Gratian made himself unpopular with his army by favouring certain barbarian recruits, and Maximus in Britain is also said to have resented not being more highly promoted. Pacatus guardedly remarks that he ‘boasted of his kinship’ with the emperor Theodosius and claimed his tacit support (Pacatus, 24.1 and 43.6). Indeed, since Theodosius's father had been executed in the names of Gratian and his infant brother, Valentinian II (although others gave the actual order), and since Theodosius not only recognized Maximus as co-emperor but after his execution protected Maximus's mother and daughter, this suspicion, even if untrue, was not unfounded. Maximus later claimed, like most usurpers, to have been forced into usurpation by the army; the soldiers may have thought he would be a worthier successor of Gratian's father, Valentinian I (r. 364–75), as indeed did Maximus himself, since he struck coins which imitated Valentinian's obverse portrait and reverse types and in his negotiations with Valentinian's younger son, Valentinian II, asserted a father's authority.
Emperor in the west
After being proclaimed emperor in Britain in spring or early summer 383, Maximus invaded Gaul with an army. Gratian was still at Verona on 16 June 383, but later that summer confronted Maximus near Paris. However, when after skirmishes his soldiers began to desert him for Maximus, and even his commander-in-chief Merobaudes changed sides, Gratian fled with a small escort for Italy. Maximus sent his cavalry commander Andragathius in pursuit, by whom Gratian was captured and perfidiously killed at Lyons on 25 August 383. Maximus, who insisted that he had not ordered Gratian's death, was now de facto ruler of Britain, Gaul, and Hispania, and resided at Valentinian I's old capital of Trier. The younger Valentinian (II), aged only twelve, nominally ruled Italy, the Balkan province of Illyricum, and Africa (roughly modern Tunisia) from Milan, and in their first negotiations Maximus insisted to his envoy Ambrose, the sainted bishop of Milan, that Valentinian should come to him ‘like a son to his father’ (Ambrose, letter 24.7). Ambrose eluded this demand, but after further negotiation the court at Milan grudgingly recognized Maximus's authority beyond the Alps.

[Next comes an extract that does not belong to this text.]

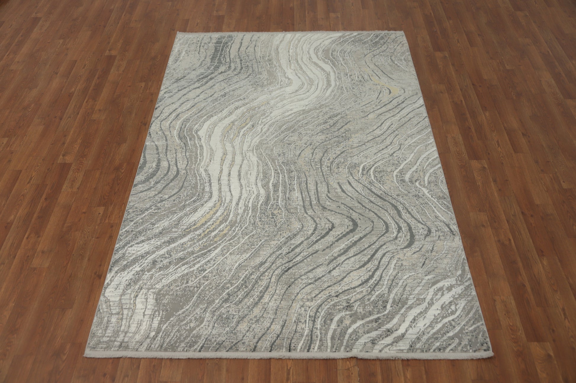 Contemporary Wave Pattern Rug in Gray Tones 5x7

The surviving sources are not explicit about the relations between the three emperors, but it can be deduced that Theodosius, who was preoccupied in the east with Goths and Persians, was prepared to recognize Maximus in the west if he left Valentinian alone. There is certainly no evidence that he actually promoted Maximus's rebellion against Gratian. He and Maximus struck a few coins in each other's name, and in 386 Maximus's praetorian prefect Euodius shared the consulship with Theodosius's younger son Honorius; Maximus's portrait was now formally displayed in the eastern empire. In effect, therefore, he was accepted as a member of the imperial college; an inscription from Tripolitania, an African province subject to Valentinian II, honoured all four emperors: Valentinian, Theodosius, his elder son Arcadius, and Maximus (whose name was later deleted). This was only a working arrangement, not a warm collegiality, but it might last while each emperor was preoccupied by his own problems. Thus Maximus is said by Orosius to have been ‘a formidable man, exacting tribute and military service from the most monstrous German tribes by the terror of his name alone’ (Orosius, vii.35.4). Orosius is exaggerating Maximus's strength, to prove that it was only by God's will that he fell, but Maximus himself told Ambrose that there were thousands of barbarians in his service who received rations from him (Ambrose, letter 24.4). There is numismatic evidence that he revisited Britain, perhaps to cope with the invasion of Picts and Scots recorded by the Gallic chronicle of 452 (which, however, implies it was in 383). Gildas alleges that Maximus stripped Britain of its army, administrators, and manpower, but his account has no independent value although it accidentally contains this truth: the usurpation was an important step, though it cannot be quantified, in the reduction of the Roman garrison. Maximus, as the last Roman emperor of Britain according to Gildas, was therefore claimed as their first ancestor by medieval Welsh kings, but this is a ninth-century invention. Historical deductions are invalid, for example that Maximus delegated authority in northern Britain to native chieftains; so too should be regretfully dismissed as fiction the medieval Welsh story of ‘Macsen Wledig’ (King Maxentius), the emperor of Rome who married the princess of Caernarfon.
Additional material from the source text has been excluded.